_Try it:_
When you reach the line containing "This is a gorgeous", start transcribing exactly and continue through the last line of the data, skipping every picture.
——
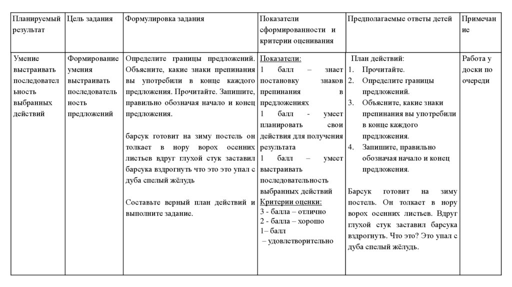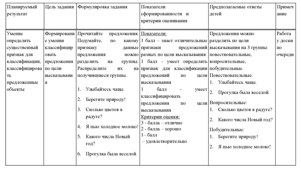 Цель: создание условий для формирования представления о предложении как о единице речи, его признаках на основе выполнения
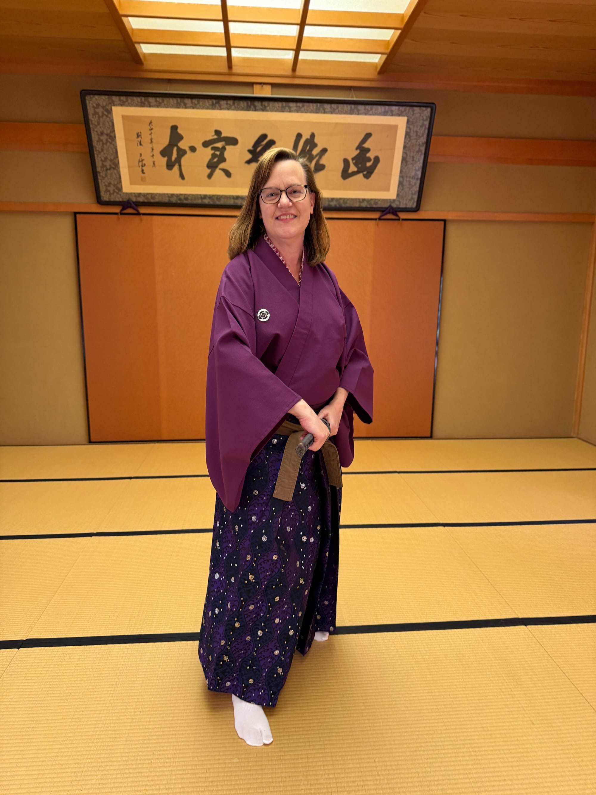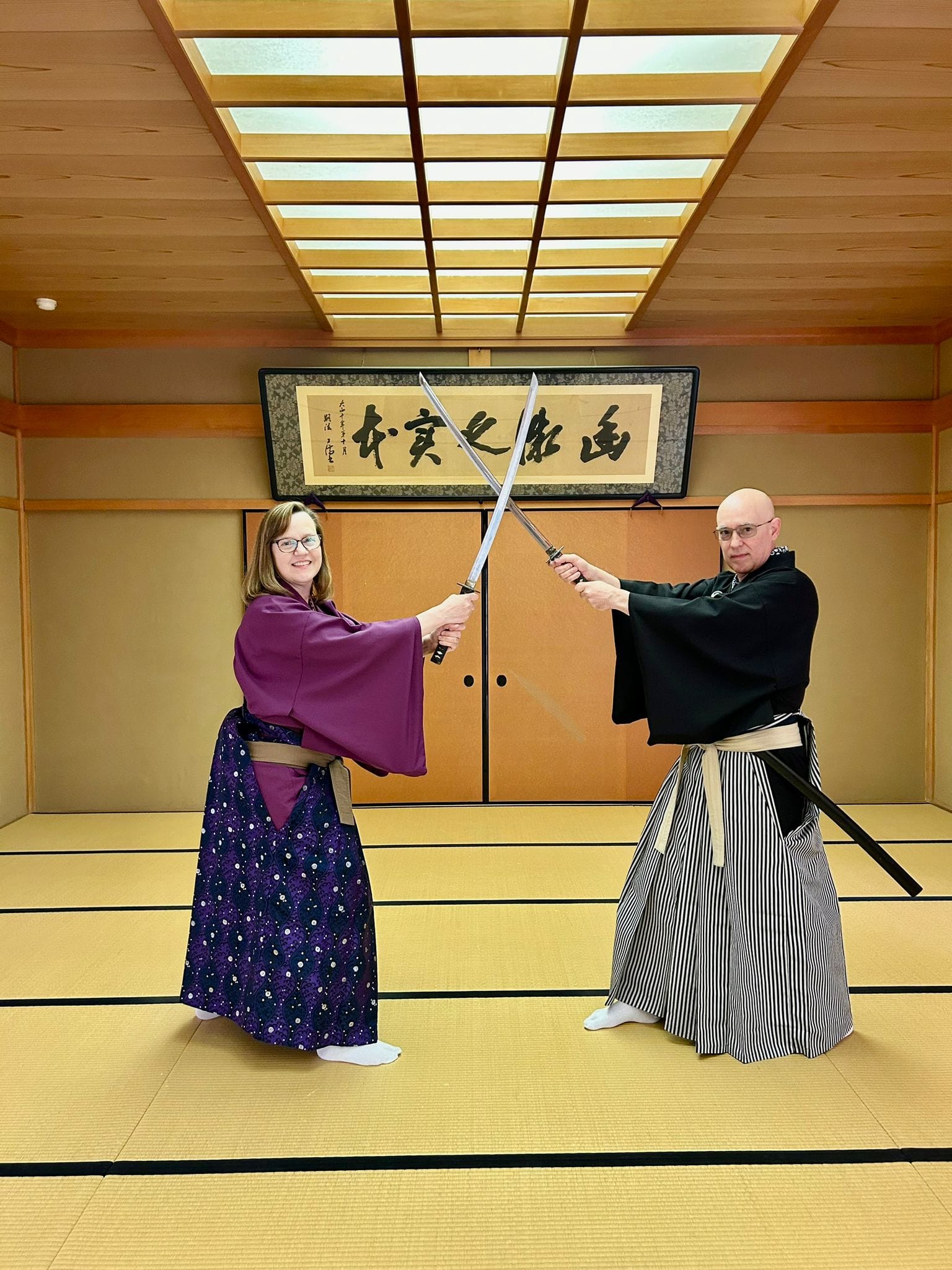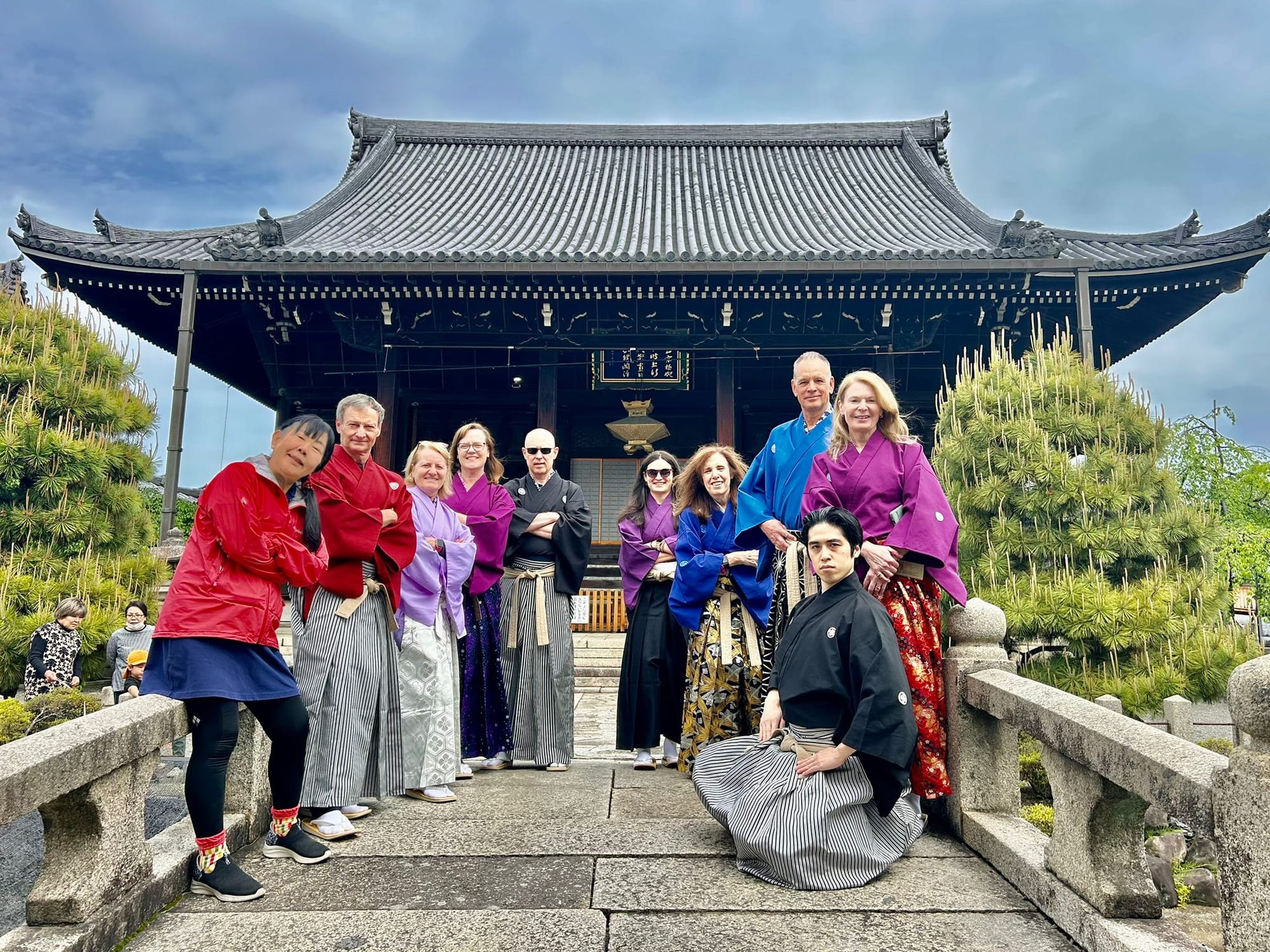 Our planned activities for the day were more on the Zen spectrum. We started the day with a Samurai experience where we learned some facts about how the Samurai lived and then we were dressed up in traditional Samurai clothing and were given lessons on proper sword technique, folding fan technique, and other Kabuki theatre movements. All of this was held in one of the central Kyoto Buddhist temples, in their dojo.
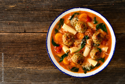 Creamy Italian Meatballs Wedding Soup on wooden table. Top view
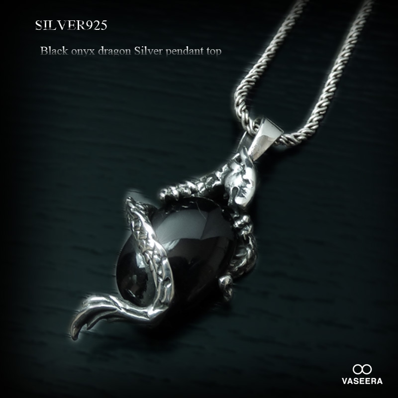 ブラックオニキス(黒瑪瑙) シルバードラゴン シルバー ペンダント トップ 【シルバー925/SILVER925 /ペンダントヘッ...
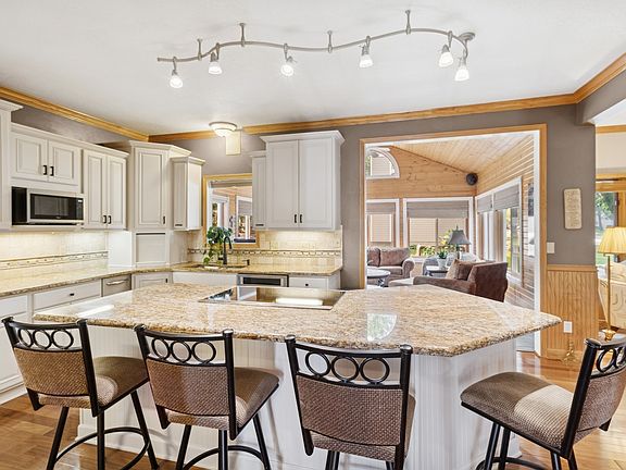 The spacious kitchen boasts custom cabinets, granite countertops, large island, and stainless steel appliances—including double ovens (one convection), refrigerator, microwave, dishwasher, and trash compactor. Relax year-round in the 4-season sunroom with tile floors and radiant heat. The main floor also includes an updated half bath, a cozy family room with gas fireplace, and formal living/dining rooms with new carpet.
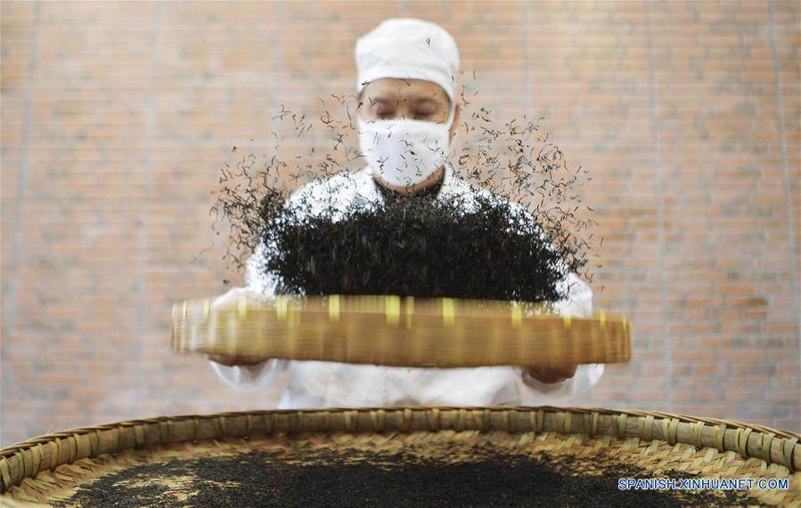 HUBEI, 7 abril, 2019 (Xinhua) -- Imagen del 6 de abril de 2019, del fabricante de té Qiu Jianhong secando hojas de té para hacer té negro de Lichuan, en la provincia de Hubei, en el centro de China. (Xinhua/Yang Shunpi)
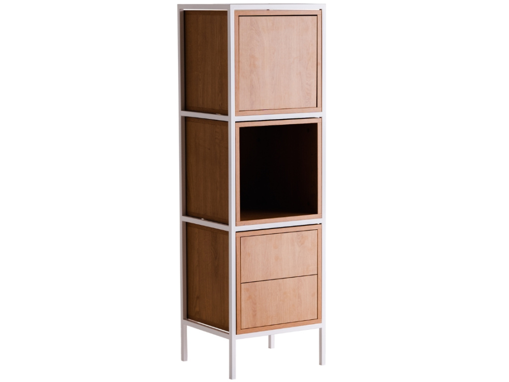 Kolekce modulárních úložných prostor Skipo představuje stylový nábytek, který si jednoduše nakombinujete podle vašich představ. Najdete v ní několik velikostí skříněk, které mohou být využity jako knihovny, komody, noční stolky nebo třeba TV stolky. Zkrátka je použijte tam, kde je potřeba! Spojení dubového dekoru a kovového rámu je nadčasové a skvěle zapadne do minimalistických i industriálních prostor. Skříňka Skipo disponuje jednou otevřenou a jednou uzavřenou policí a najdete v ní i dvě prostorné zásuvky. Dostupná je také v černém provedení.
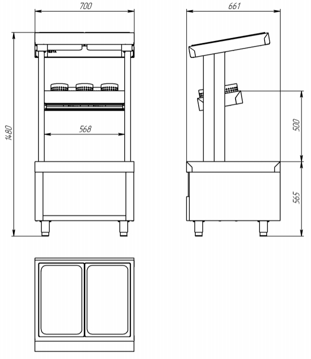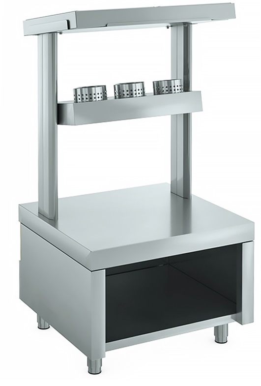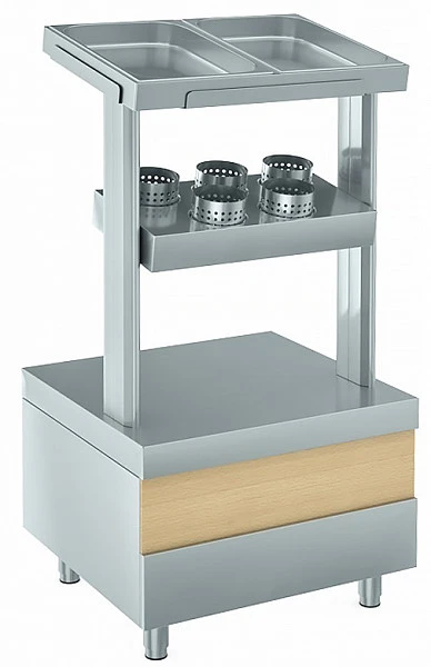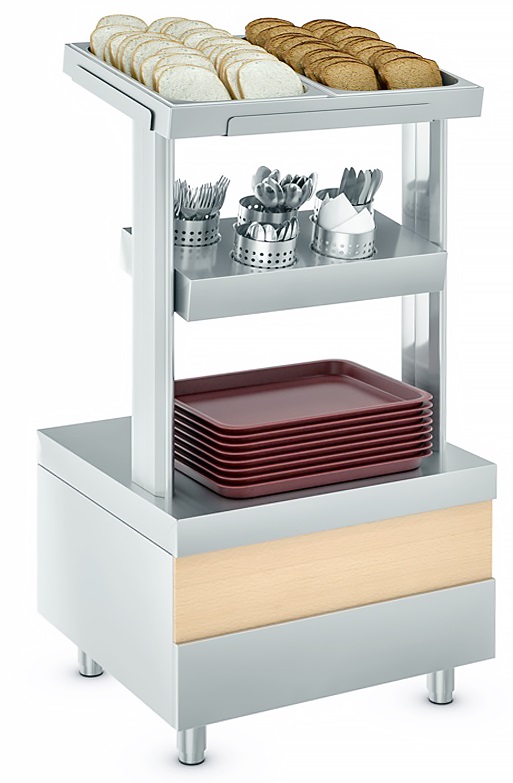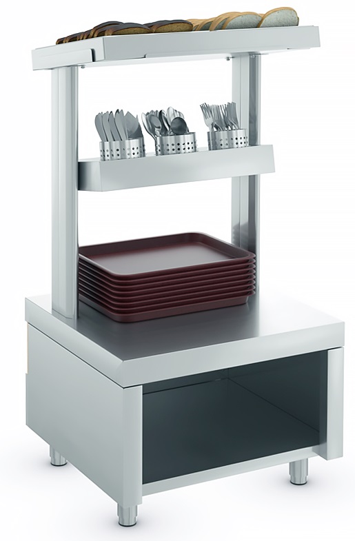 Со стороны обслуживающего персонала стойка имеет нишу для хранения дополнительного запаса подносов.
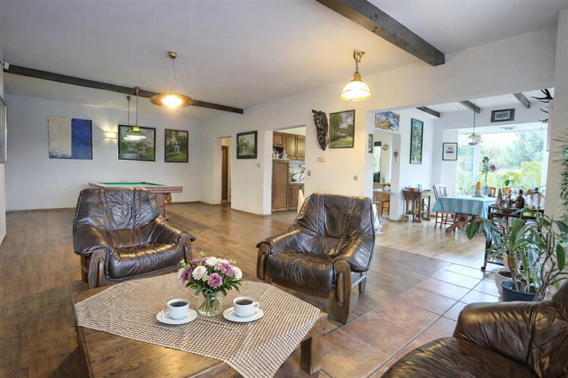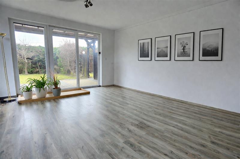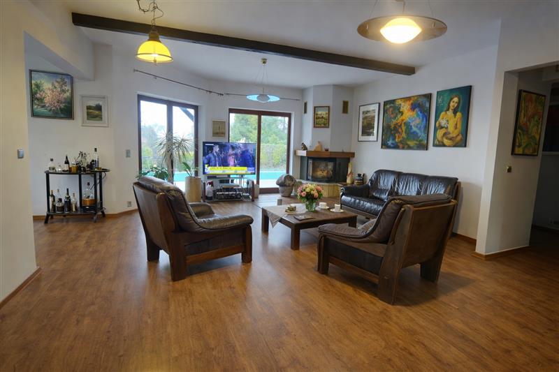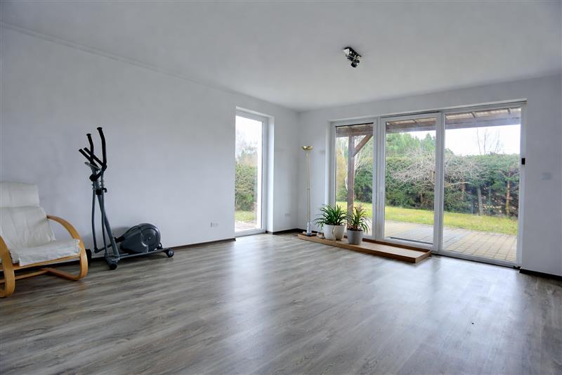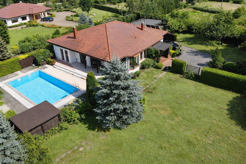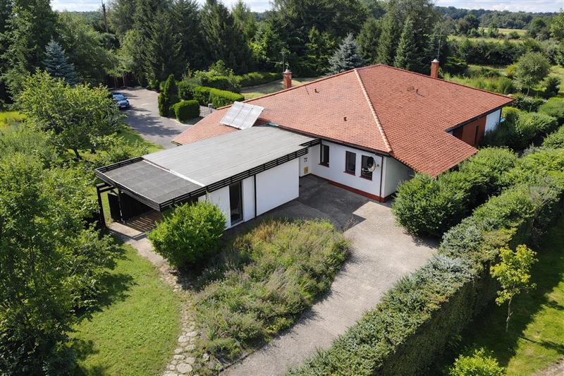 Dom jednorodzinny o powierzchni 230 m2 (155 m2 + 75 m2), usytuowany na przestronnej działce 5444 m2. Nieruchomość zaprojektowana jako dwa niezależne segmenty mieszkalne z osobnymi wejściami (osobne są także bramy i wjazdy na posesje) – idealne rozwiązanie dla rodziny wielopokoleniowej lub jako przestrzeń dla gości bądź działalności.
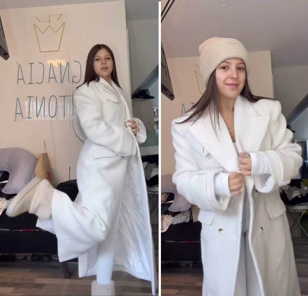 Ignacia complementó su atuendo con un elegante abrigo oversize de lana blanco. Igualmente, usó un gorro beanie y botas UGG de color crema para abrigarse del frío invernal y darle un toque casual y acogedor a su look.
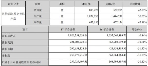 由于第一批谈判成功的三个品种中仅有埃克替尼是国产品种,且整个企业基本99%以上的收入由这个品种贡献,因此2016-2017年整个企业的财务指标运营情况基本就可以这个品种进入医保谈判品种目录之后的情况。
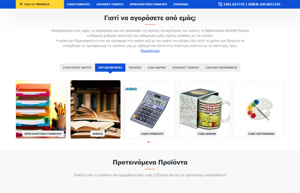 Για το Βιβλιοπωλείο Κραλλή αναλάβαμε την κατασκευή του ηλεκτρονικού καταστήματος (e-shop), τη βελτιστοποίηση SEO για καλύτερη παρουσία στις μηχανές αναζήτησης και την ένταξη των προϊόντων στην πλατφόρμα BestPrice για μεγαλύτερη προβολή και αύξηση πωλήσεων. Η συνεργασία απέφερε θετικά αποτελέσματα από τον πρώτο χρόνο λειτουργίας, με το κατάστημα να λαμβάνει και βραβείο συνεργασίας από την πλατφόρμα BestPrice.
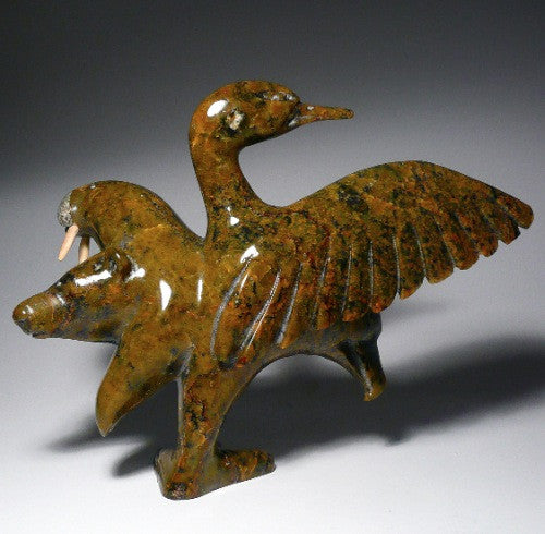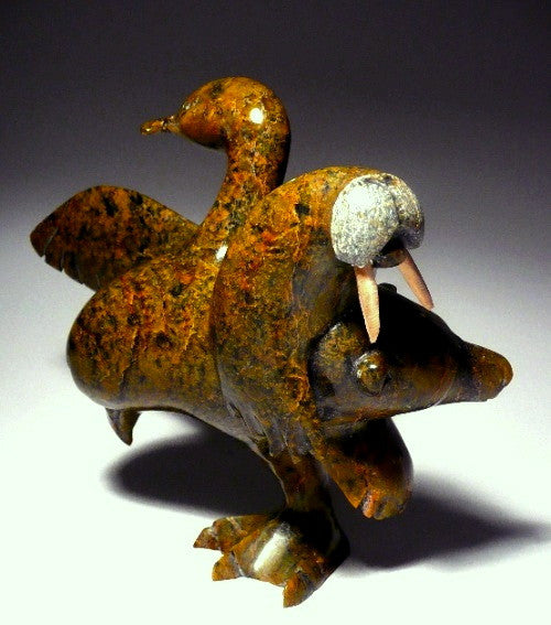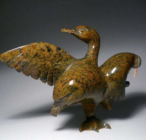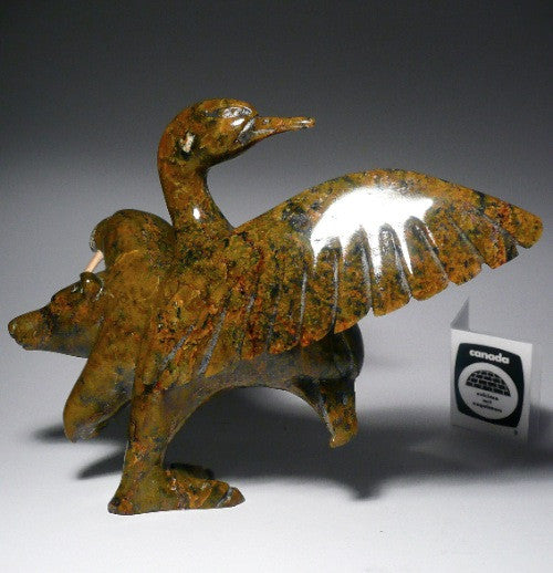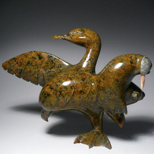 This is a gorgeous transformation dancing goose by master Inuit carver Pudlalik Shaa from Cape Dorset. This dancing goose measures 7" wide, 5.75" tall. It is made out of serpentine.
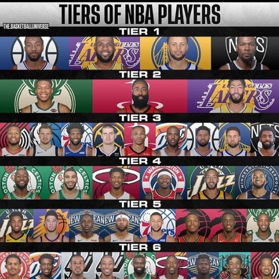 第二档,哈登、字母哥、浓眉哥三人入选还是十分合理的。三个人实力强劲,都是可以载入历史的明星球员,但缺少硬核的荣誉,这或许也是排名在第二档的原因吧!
——
_Answer below:_
 This is a gorgeous transformation dancing goose by master Inuit carver Pudlalik Shaa from Cape Dorset. This dancing goose measures 7" wide, 5.75" tall. It is made out of serpentine.
 第二档,哈登、字母哥、浓眉哥三人入选还是十分合理的。三个人实力强劲,都是可以载入历史的明星球员,但缺少硬核的荣誉,这或许也是排名在第二档的原因吧!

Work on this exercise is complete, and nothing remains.